The second wave of the COVID-19 pandemic confirms the deficiency of its control in Spain; and evidences its impact in the Spanish society, economy, and health. The wave is creating disappointment, damage, demoralisation and tension throughout the Spanish citizenship. The prestige and legitimacy that doctors and other health professionals’ held before the pandemia might be followed with some consequences on service of overcoming this deep and complex crisis that we are facing. A common strategy is required, and everyone must contribute to its achievement. However, there are several barriers that should be overwhelmed: knowledge gaps, imperfect institutional frameworks, a tense political climate, and an unstable and inconsistent social awareness and behaviour.

In the health system, this second wave has been appeared when consequences of previous one had not been mended yet: Primary Healthcare has been surpassed in many places due to community transmission; hospitals are also losing their capacity to treat non-COVID patients. Health staff have lost trust or motivation, and the health care system buckles. It is possible that the National Health System will not emerge unscathed from the pandemic, unless many things will be approach quickly, to change the current situation.

The strengthening of Public Health has been uneven and somewhat disheartening; the exit from confinement has plunged into a summer lethargy many necessary initiatives to the reinforcement of healthcare services. There is no reliable information on contact tracers’ activity the ability to trace transmission chains seems to be limited, although it differs between the Autonomous Communities.

The increased availability and types of diagnostic tests are good news; but not their frequent misuse to perform screening programmes for general population promoted by political authorities due to misinformation or image campaigns. Only the appropriate use of testing for SARS-CoV-2 based on prior clinical or public health judgement, they become effective instruments to combat COVID-19.

Non-COVID patients must not be in practice “de-prioritised”. It is necessary to include reinforcement measures in the strategies and contingency plans to address the delay that is going to accumulate in new patients, in the control and revision of chronic patients or in their follow up. And there is a need of measures to address the consequences and mental health problems that COVID-19 is leaving and will probably leave in many people.

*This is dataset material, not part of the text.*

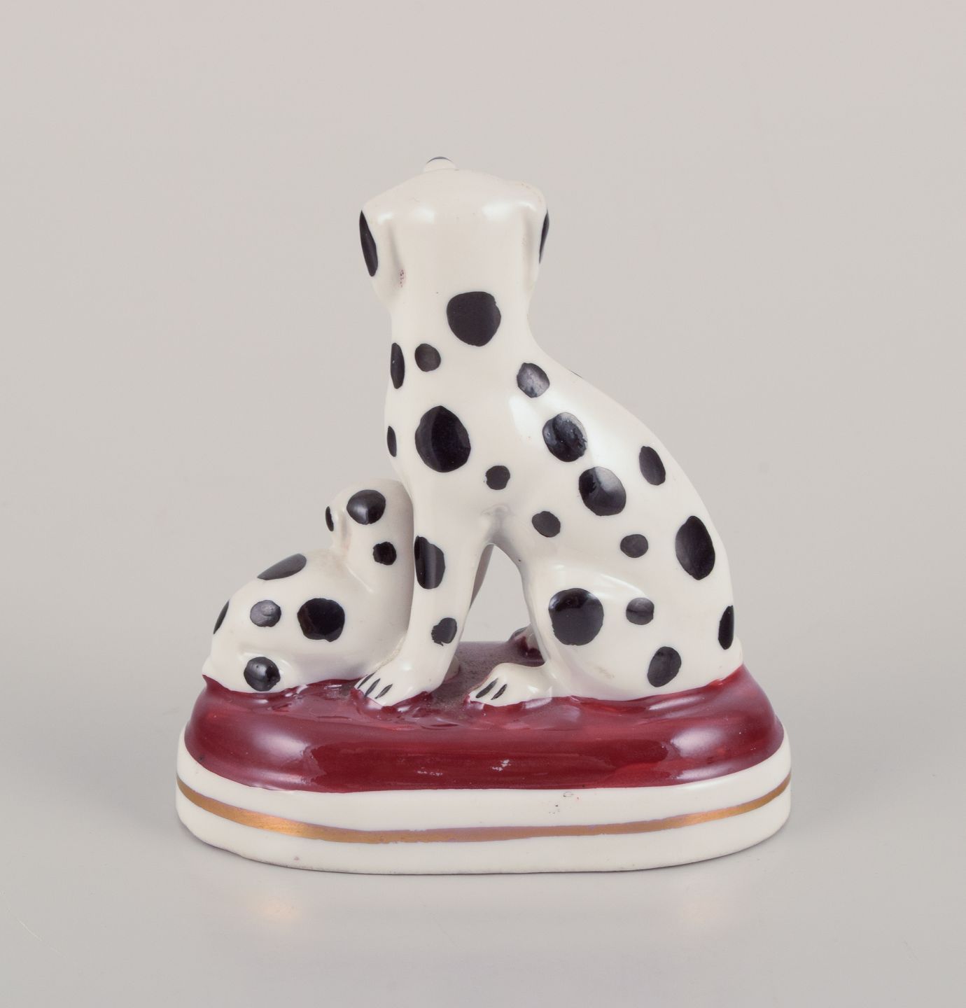 Tre dele fransk og engelsk porcelæn bestående af Royal Crown Derby miniaturekrus, miniature porcelænsfigur af to dalmatinere samt en hjerteformet lågæske.

The social conscience is disoriented and faint before the new phase of pandemic. Messages from public health arrive not adequately; political tension produces an adverse climate to generate trust and adherence in the population; the scientific world sometimes does not help with the premature creation of expectations with preliminary and immature research; and the media and social networks generally amplify the existing confusion and irritation and colour it with sensationalism and excess.

This situation invites and forces the medical profession to take a step forward in informing patients and citizens.

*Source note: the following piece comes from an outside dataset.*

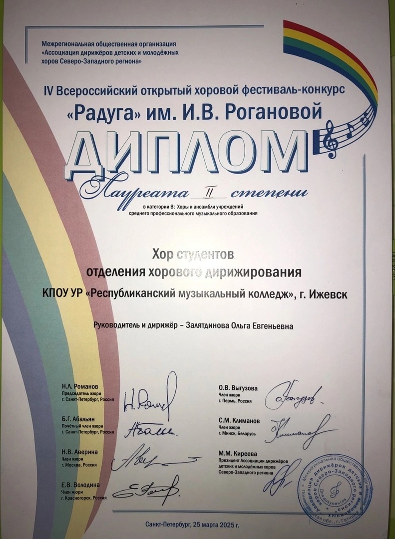 С 20 по 27 марта хор студентов отделения хорового дирижирования под руководством Ольги Евгеньевны Залятдиновой блистал на IV Всероссийском открытом фестивале-конкурсе "Радуга" им. И.В. Рогановой в Санкт-Петербурге. И вот результат — мы лауреаты II степени! Это не просто награда, а признание высокого мастерства, слаженности и вдохновенного труда всего коллектива. Отдельная благодарность нашим наставникам:

The medical profession must act on several levels.

  • To promote a proper organisation in the pandemic combat: providing clear criteria to the authorities and promoting improvements in the legal framework that supports public health decisions.

  • To insist on the importance of implementing those measures in which there is consensus, but not enough action: epidemiological surveillance (contact tracing included) and the strengthening of Primary Care are two clear sources of problems due to the omission of necessary changes.

  • To send direct messages to the population, using the prestige and legitimacy capital of the medical profession to produce behavioural changes that facilitate the control of the pandemic, reduce health damage and lower the social cost. In addition, fighting the deniers’ approaches to COVID-19 and/or its effects, especially when they come from healthcare personnel.

To generate messages to the population, they must be technically grounded, science-based, conceived from a tolerant and open attitude, and seeking the coalition with other health professions to enhance the discourse.

Some elements such as the following should be incorporated into the contents: changing the dominant narrative to contribute to social cohesion (let no one be left behind); not leaving non-COVID-patients aside; giving a longer time perspective for the population to prepare for a long-distance race; advocating for financial support of businesses and families affected by the confinement and quarantine measures; explaining that the most effective and efficient way to control pandemics is through “social treatment” rather than the clinical approach, to give relevance to the individual contribution to protect themselves and others; conveying a realistic but positive message of the possibilities and limitations of science and technology; and disapproving sensationalism and the generation of false expectations.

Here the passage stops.